What the task requires:
Each line in the material below, starting at the one with "Temanggung – Polres" and ending at the one with "Kırmızı plastik masa", is to be reproduced exactly; no picture is to be copied.

Input data:
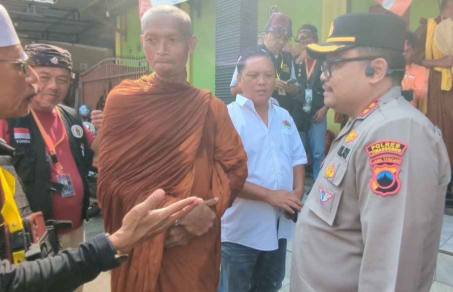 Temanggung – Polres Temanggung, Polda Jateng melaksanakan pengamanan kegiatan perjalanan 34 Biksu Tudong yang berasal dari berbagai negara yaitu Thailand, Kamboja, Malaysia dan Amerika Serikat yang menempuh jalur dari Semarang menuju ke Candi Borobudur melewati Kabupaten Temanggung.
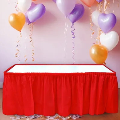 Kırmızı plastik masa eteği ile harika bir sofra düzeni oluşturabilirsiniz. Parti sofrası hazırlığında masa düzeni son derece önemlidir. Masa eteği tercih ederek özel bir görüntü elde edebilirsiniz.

---

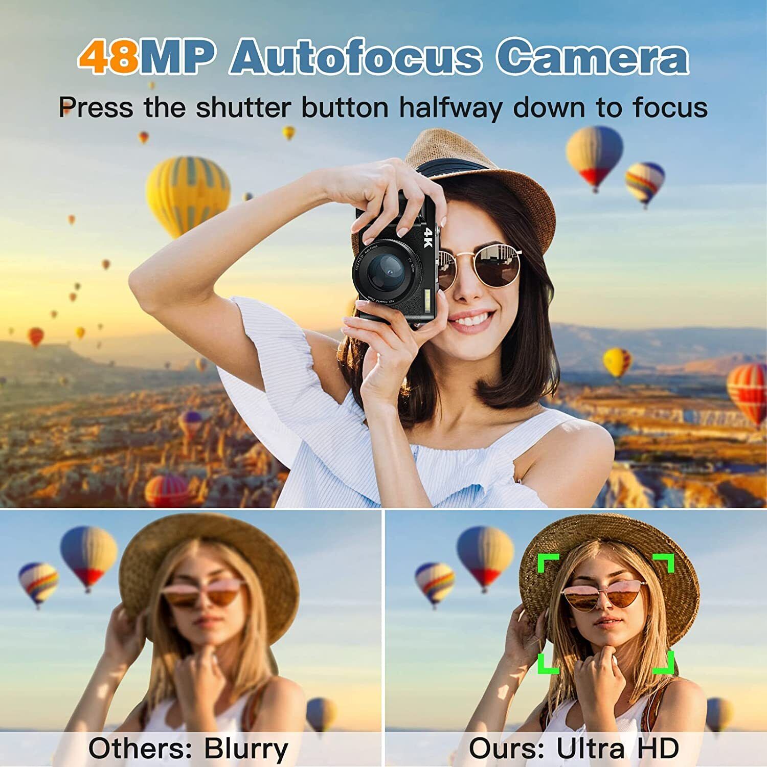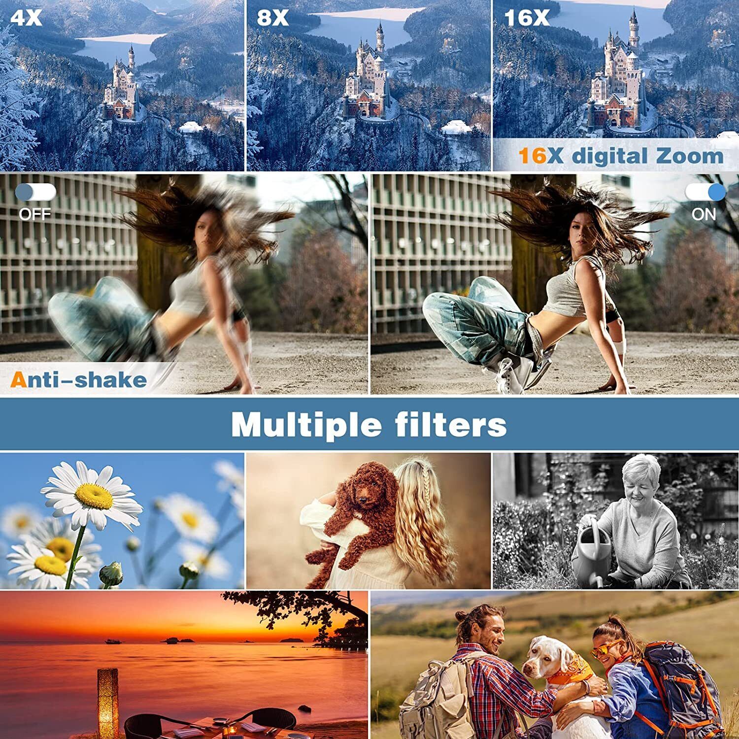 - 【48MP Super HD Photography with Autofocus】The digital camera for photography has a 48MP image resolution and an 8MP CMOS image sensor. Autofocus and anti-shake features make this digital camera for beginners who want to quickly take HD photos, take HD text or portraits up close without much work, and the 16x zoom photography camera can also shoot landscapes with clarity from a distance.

Completed task:
 Temanggung – Polres Temanggung, Polda Jateng melaksanakan pengamanan kegiatan perjalanan 34 Biksu Tudong yang berasal dari berbagai negara yaitu Thailand, Kamboja, Malaysia dan Amerika Serikat yang menempuh jalur dari Semarang menuju ke Candi Borobudur melewati Kabupaten Temanggung.
 Kırmızı plastik masa eteği ile harika bir sofra düzeni oluşturabilirsiniz. Parti sofrası hazırlığında masa düzeni son derece önemlidir. Masa eteği tercih ederek özel bir görüntü elde edebilirsiniz.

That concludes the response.